None of the restaurants we went to served water. Water had to be specifically asked for, always. Did it mean that Georgians are averse to water or they never drank water alongside their meals? Don’t have an answer. Also, none of the meals had a dessert, there were no desserts on the menu. I guess dentists do pretty badly in Georgia.

The tastes, the sights and the people of the city were truly enthralling. No other city I had ever been had a natural water fall at its centre. Women were gorgeous, with fair complexion and spotless, smooth skin. Both men and women turned out immaculately dressed in public. Only the gypsies presented a shabby side, with the children literally clinging to your heels till you give them money. But they were never shooed away, even when they harassed tourists, but was regarded indulgently by the locals. Men and women openly expressed affection, generously hugging and kissing softly on each other’s cheeks when they met.

Khinkali

The people seemed to be fun loving, energetic and hard working. They were amicable. Women looked more enterprising and ran most business establishments we have been to, by that I mean most shops except the liquor shops !!!!. I guess most people loved their drinks and a fag (though smoking was not much in evidence in the city) and good food. Vodka, vodka for the car, this was a constant refrain of our driver – who looked old and shrivelled, but was quite sturdy; he had a CD of old Hindi songs in the car which he played briefly before switching back to English music (English pop was ubiquitous, everyone listed to it non stop in the cars).

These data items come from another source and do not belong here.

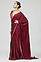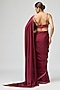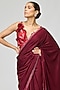 Varun Bahl features a wine saree in glossy organza base adorned with threadwork and 3D leaf embellishments. It is paired with a blouse and an underskirt. Style it with zircon jewellery and embellished heels for a reception, wedding, sangeet or engagement ceremony.
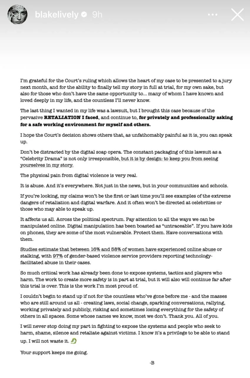 Напомню, в четверг суд отклонил иски Лайвли против Бальдони, включая клевету и домогательства.
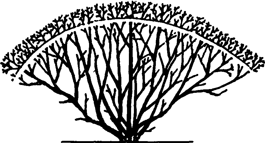 茶树深修剪 深修剪的树冠形状, 依原茶树形状进行。其工具可用重修剪剪刀和深修剪机。 将深修剪用于茶行的两侧, 而不用于树冠面的修剪称为边缘修剪。这种修剪是在成年高产茶园中应用的方法, 当行与行之间已全被树冠覆盖, 茶园中通风透光条件变差,而且采茶及其它农事操作难以进行时,可将茶行边侧各修去10厘米。使行与行之间有20厘米的间距, 切勿过重, 否则树道覆盖度降低过多, 导致减产。 茶树深修剪tea deep pruning又称回头剪。将茶树树冠面上10~15 cm的枝叶剪去的修剪方法。茶树经多年轻修剪、采摘后,树冠面部分枝条愈发愈密、愈细,并出现大量鸡爪枝,萌发的新芽梢瘦小,叶片薄,对夹叶多,茶叶产量和芽叶品质下降,这时必须将鸡爪枝剪去。其树冠形状可依原状进行。
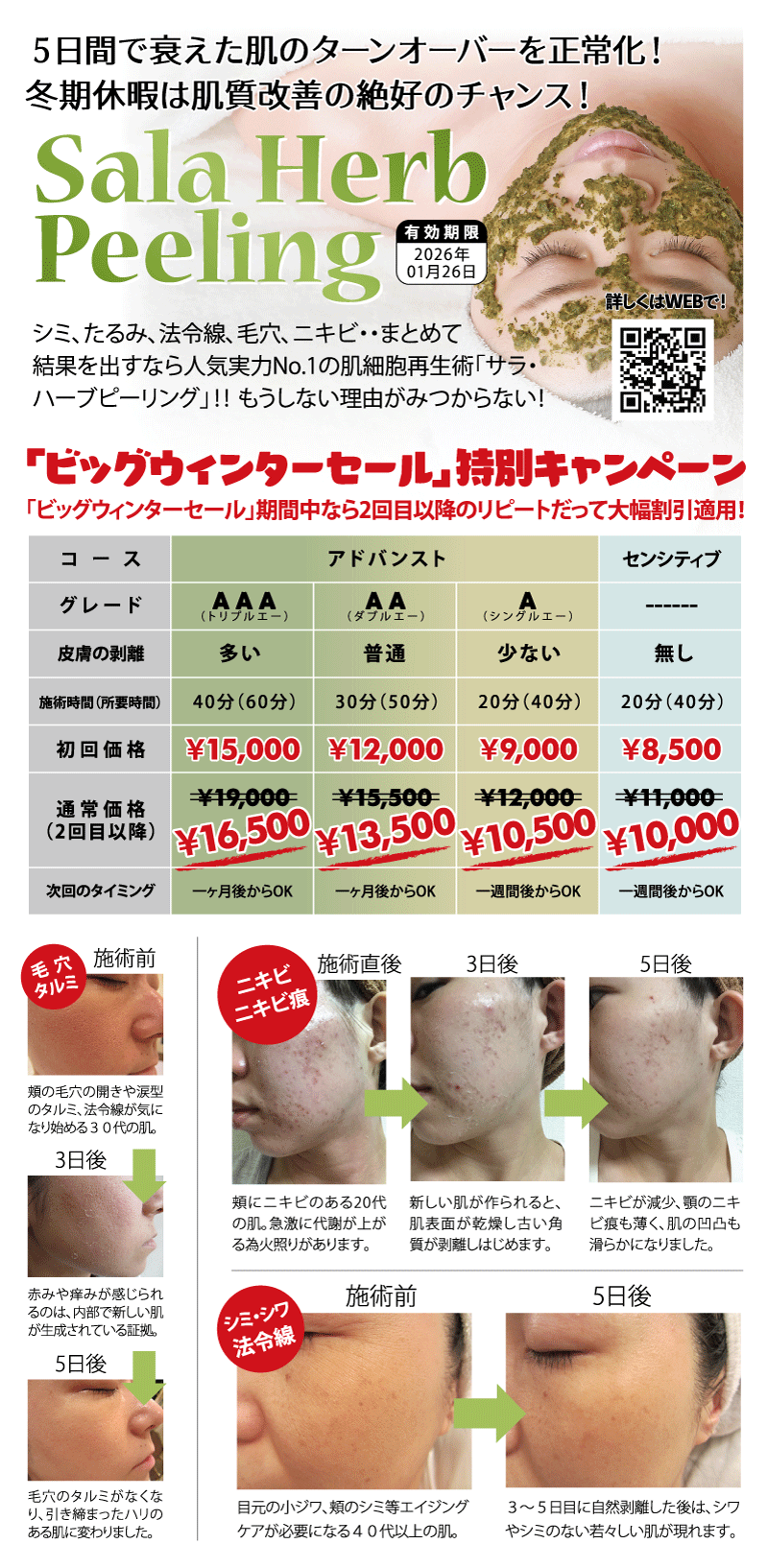 シミ・吹き出物・シワ・ニキビ痕なら実績No.1「細胞から若返る自然剥離型・肌再生術。今回は「ビッグウィンターセール」として、リピーターの方に“とってもオトク”な内容となっています! ぜひ「サラ・ハーブピーリング」をご利用ください!
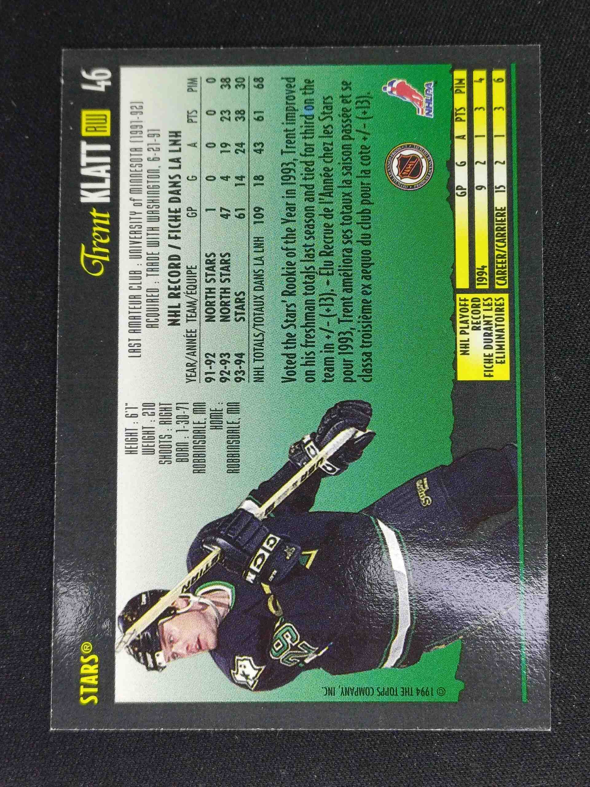 Sběratelská karta 1994/1995 Topps OPC Premier Special Effects 46 Trent Klatt Paralel
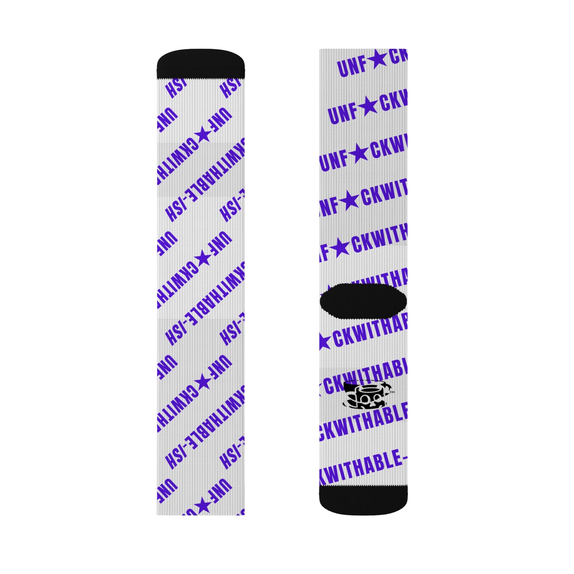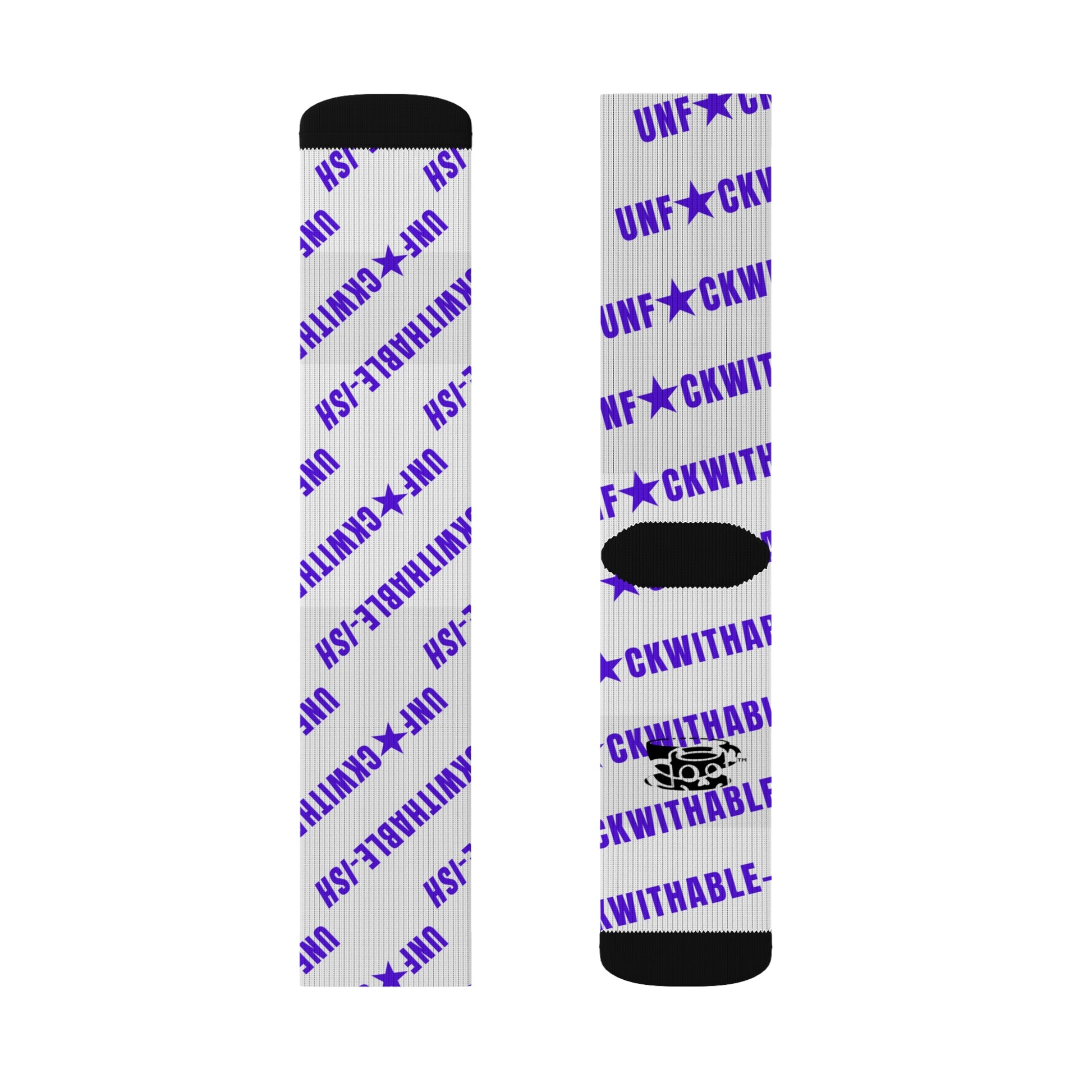 Statement socks for the ones who donโ€™t flinch. These ainโ€™t for subtle vibes or soft lives. With bold purple โ€œUNF*CKWITHABLE-ISHโ€ stamped loud across a white base, these are the daily reminder that youโ€™re built different. Clean lines, sharp color, and cozy as hell โ€” because power should always come in pairs.

Spring was beginning after a long depressing winter and spirits were up. It was a good time to visit the country still poised between two worlds – the old communist dominated behind the iron curtain world and the new, brutal, cut throat, consumerist world of capitalist origin. In Tiblisi the change was evident and this wave was definitely set to sweep the country in years to come. We have met Georgia in its dawn, which hopefully will not turn out to be twilight for the country. We hope to return to its spell some day.

Notes:

  • Most young women we met went by the name of Nino. Later we found that the three most common names for women were Nino, Ana and Maria. For men, the most common names were David, Georgi and Vakhtang – names of the erstwhile kings.

[Like South Korea, where one could get by calling a guy Kim, if that didn’t work, then Kang etc. here too we had a pretty much standard set of names we could try out]

  • The currency is Georgian GEL (Lari and Tetri – which is small change)
  • Holiday Factory offers a standard tourist package which does not cover much. I would rather build a custom package which covers what interest us most rather than the package. This may be slightly more expensive, but would avoid shelling out extra dollars buying add-ons once we are in Georgia.
  • There are ATM’s in Tiblisi and in Gudauri. So getting cash is not a problem.
  • Most shops in Tiblisi accept international credit cards. The supermarket in Gudauri also accepted credit card.
  • The country is relatively safe. No one warned us to keep off from any place. There were no signs warning of pickpockets etc. anywhere.
  • Indians resident in UAE do not require visa. You can get an entry permit on arrival.